Dr Bibbins-Domingo said the task force’s latest recommendations aimed to clarify its 2009 guidelines, which "were widely misinterpreted as a recommendation against screening for women in their 40s".
An American Cancer Society study published in December in the American Journal of Preventive Medicine found that four years after the task force first stopped recommending mammograms for women in their 40s the prevalence of the tests did not significantly change for women in that age group.
The study, which compared federal data from 2008 to 2013, the latest available, did find that there was a significant decrease in physicians recommending mammograms to women in their 40s.
The chairwoman of the breast cancer screening and diagnosis guidelines panel for the National Comprehensive Cancer Network, Therese Bevers, said she planned to attend the American College of Obstetricians and Gynecologists conference on mammogram guidelines, but believed it might be difficult to reach a consensus among the various groups.
The conference, in Washington, DC, is planned for January 28 and 29.
"We look forward to a positive outcome of this conference that helps to avoid the confusion that currently exists among the women we treat," the American College of Obstetricians and Gynecologists said on Monday.
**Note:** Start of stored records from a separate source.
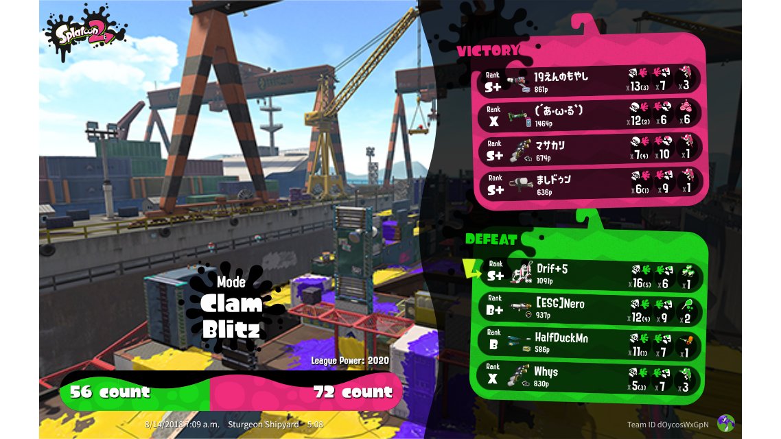 | Mode | Clam Blitz - League Battle (Twin) | ||||||||||||||||||||||||||||||||||||||||
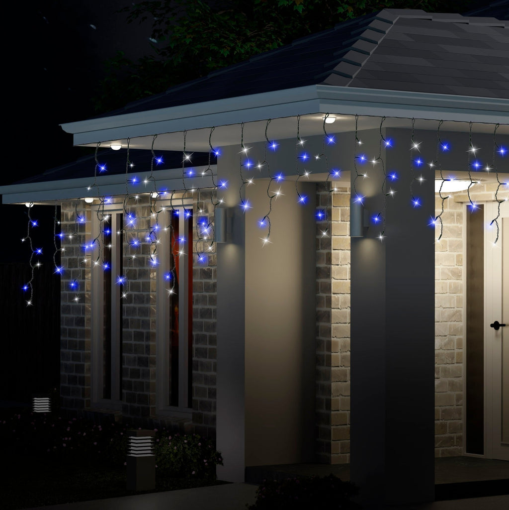 Enhance your festive décor with our 300 LED Icicle Lights. Featuring a striking blue and white color combination, these lights also come in Cool White, Multicolor, and Warm White options. With a 5.9-meter lit length and 5-meter cable, they offer a stunning display with 10 cm spacing between each light. Enjoy a mix of flashing effects and a steady glow, all controlled by Memory Hold Technology. Perfect for both indoor and outdoor use.
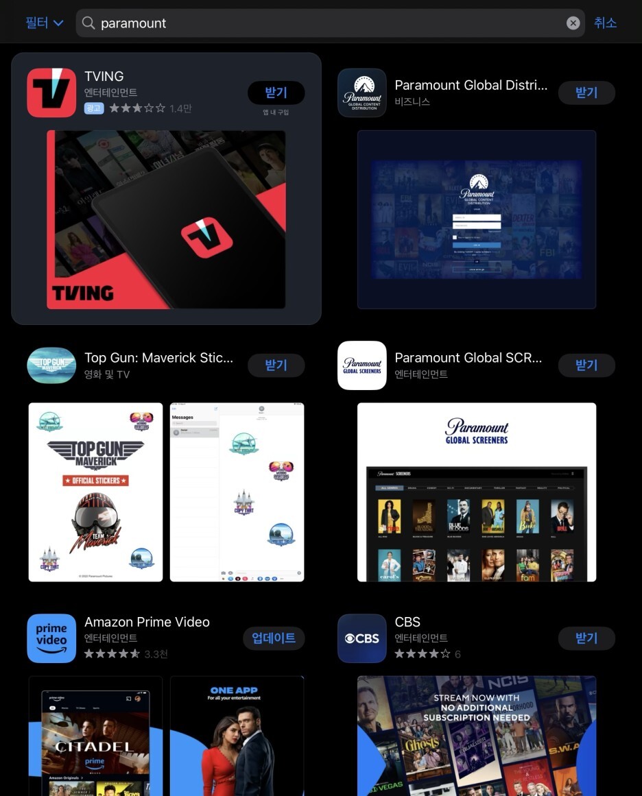 먼저 우리나라 앱스토어에서 paramount라고 검색을 하면 파라마운트 플러스 어플이 나오지 않습니다. 왜냐하면 우리나라 앱스토어에서는 받을 수 없기 때문입니다.
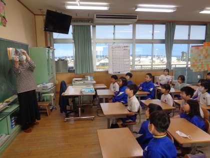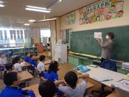 今日の読み聞かせは、「きょだいなきょだいな」と「なにをたべたかわかる」というお話を読んでいただきました。いつも使っている物が突然巨大になって表れることに驚きを感じながら聞いていました。今まで以上に、本に興味をもつことができています。
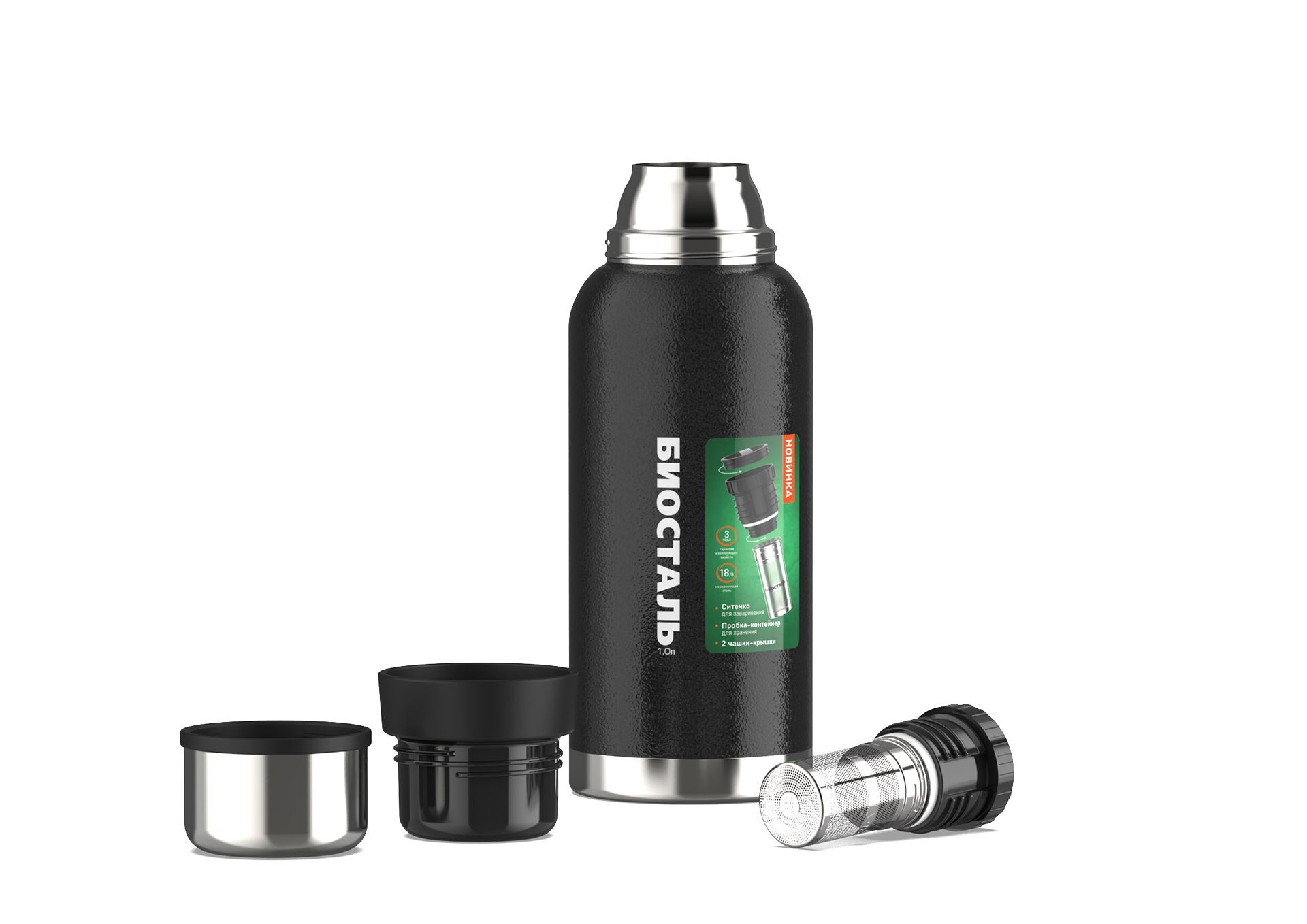 Термос Biostal Охота (1 литр), 2 чашки, с ситечком, черный
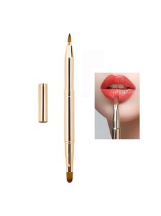 Lip Brush Retractable, Dual-ended Lip Brush Lipstick Applicator with Protective Lid, Makeup Brushes for Lip Gloss, Lip Mask, Eyeshadow, Lip Cream, Golden

Dr Bevers said she recommended women start annual mammograms at age 40. "We just feel that the task force placement on the harms is a bit excessive," she said.
Harms such as a false positive requiring a repeat ultrasound or a needle biopsy are outweighed by the potential for lives saved, she said.
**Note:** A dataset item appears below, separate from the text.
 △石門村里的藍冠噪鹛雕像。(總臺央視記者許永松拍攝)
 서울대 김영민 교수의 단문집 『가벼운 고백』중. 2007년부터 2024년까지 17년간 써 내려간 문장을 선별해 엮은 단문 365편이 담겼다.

In a separate study also published in the Annals of Internal Medicine on Monday, researchers found that false-positive results were highest among women 40-49 years old, leading to additional imaging.
The study analysed data from more than 400,000 women aged 40 to 89.
But Dr Bevers said that based on clinical experience and research, after the additional tests performed following a false positive, there was very rarely a wrong diagnosis.
Stephanie Nichols, a patient of Dr Keating’s at Brigham and Women’s Hospital, decided at about age 40 to wait until she turned 45 to have her first mammogram after learning she was at low risk for developing breast cancer.
Ms Nichols, now 44, says she was also influenced by talking about false positives and the additional testing and stress those can lead to.
"I didn’t want to go through that," she said. "I decided I would just keep doing breast self-exams and see her (doctor) regularly."
The task force guidelines do not specifically recommend regular mammograms for women 75 years and older and call for more research in this area.
"There is not enough evidence for us to say with certainty what the benefit is," Dr Bibbins-Domingo said.
Susan Boolbol, chief of the division of breast surgery at Mount Sinai Beth Israel in New York City, disagreed with that conclusion by the task force.
She said she presented research recently at the San Antonio Breast Cancer Symposium showing that mammograms in women age 75 and older were justified.
Dr Boolbol reviewed the mammography results of 2,057 women age 75 and older over two years at Mount Sinai. The breast cancer detection rate was 4.9 per 1,000 screenings, nearly double the rate the American College of Radiology uses as a standard for when mammograms should be used, she says.
"We should not base recommendations on an age limit," Dr Boolbol said. "It should really be based on the woman’s expected lifespan and her health status."